Zustimmung von allen Seiten
„Auf dieses Urteil haben wir 40 Jahre lang gewartet“, sagte der Vorstand der Stiftung Patientenschutz, Eugen Brysch, der Rheinischen Post (RP). „Entscheidungen über Leben und Tod in Knappheitssituationen dürfen nicht den Ärzten überlassen werden.“ Der Deutsche Bundestag dürfe sich da nicht weiter wegducken. „Das Verfassungsgericht hat den Bundestag nun mit diesem Urteil gezwungen, im kommenden Jahr ein Gesetz zu beschließen, das Leitplanken für die Behandlung von Patienten in Knappheitssituationen setzt“, so Brysch. Nach Meinung des Patientenschützers war die Entscheidung überfällig, angesichts der begrenzten Kapazitäten der Intensivstationen.
Lauterbach: Triage verhindern
Bundesgesundheitsminister Karl Lauterbach (SPD) schreibt auf Twitter, dass er das Urteil ausdrücklich begrüße. „Menschen mit Behinderung bedürfen mehr als alle anderen des Schutzes durch den Staat.

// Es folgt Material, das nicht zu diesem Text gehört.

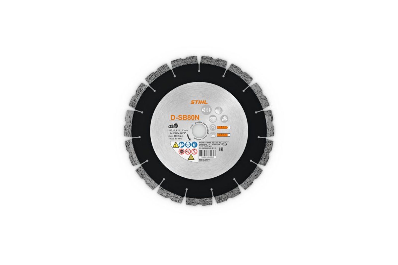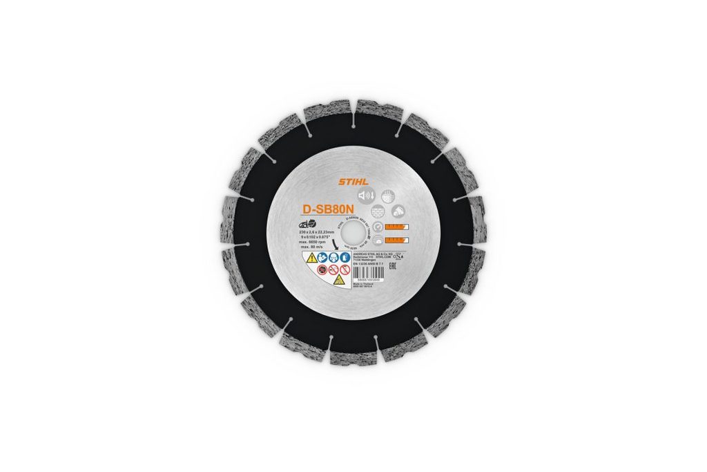 Diamantový rozbrušovací kotouč STIHL D-SB80N 230 (Ø 230 mm) je univerzální volba pro řezání na stavbách, pokud chcete vysoký řezný výkon, přesnost a dlouhou životnost. Kotouče STIHL jsou navržené tak, aby byly optimálně přizpůsobené rozbrušovacím strojům STIHL – jsou velmi tuhé, odolné a drží stabilní řez i při náročnějším nasazení.

Erst Recht im Falle einer Triage.“ Jetzt aber heiße es, Triage durch wirksame Schutzmaßnahmen und Impfungen zu verhindern, so der SPD-Politiker. Auch für den stellvertretenden FDP-Vorsitzenden Wolfgang Kubicki ist das Triage-Urteil „rechtlich nachvollziehbar“. Der RP sagte Kubicki: Nach der Wertentscheidung des Grundgesetzes müssten Fragen von Leben und Tod durch den Gesetzgeber entschieden werden und nicht durch private Übereinkunft.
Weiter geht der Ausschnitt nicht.